The line with "Marquise Cut CZ" marks where to begin; print it and all lines after it in the material below exactly, skipping pictures.

■ **RECORDED DATA**:
□ □ □ □ □

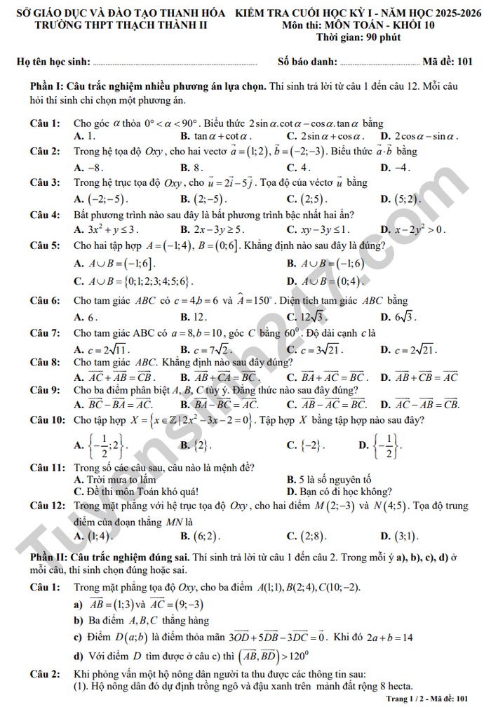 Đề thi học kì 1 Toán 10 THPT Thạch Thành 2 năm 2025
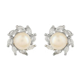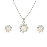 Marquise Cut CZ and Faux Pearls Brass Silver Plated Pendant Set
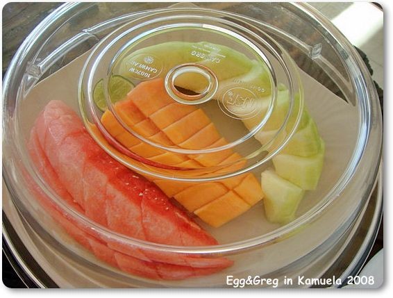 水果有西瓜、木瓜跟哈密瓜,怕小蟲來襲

□ □ □ □ □

■ **EXPECTED ANSWER**:
 Marquise Cut CZ and Faux Pearls Brass Silver Plated Pendant Set
 水果有西瓜、木瓜跟哈密瓜,怕小蟲來襲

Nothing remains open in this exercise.